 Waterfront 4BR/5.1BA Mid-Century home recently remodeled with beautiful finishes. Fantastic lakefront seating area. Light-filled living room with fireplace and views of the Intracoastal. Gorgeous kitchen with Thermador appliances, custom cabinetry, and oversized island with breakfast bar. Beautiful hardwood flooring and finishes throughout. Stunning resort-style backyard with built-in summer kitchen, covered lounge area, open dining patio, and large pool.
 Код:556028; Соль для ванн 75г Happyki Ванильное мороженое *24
...
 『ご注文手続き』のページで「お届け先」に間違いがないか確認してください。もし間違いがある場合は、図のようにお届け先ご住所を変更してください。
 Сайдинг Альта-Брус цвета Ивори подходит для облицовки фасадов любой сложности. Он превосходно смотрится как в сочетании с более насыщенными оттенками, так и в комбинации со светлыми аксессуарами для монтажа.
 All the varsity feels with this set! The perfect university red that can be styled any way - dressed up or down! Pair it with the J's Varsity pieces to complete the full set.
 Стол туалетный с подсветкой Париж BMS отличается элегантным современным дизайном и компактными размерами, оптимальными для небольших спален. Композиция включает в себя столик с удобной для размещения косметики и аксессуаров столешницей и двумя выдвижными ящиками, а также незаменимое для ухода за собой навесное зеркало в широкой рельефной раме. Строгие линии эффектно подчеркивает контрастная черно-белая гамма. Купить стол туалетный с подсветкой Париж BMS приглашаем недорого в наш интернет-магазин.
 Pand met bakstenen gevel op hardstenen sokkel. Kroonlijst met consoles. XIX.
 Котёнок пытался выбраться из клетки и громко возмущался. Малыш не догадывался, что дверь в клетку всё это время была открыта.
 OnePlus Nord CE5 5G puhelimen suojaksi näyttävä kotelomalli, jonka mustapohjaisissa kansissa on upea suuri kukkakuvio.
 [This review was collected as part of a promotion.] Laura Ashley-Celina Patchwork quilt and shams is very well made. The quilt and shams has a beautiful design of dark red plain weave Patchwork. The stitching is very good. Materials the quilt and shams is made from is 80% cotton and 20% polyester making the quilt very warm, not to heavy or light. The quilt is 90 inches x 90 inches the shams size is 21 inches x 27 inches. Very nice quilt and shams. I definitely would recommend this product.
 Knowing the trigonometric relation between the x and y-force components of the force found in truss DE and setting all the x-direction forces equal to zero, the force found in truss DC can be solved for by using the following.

#### [WHAT YOU ARE ASKED TO DO]
Exactly how many lines in the records above hold the string "beautiful"? Reply with that number only.

#### [ANSWER TO THE EXERCISE]
2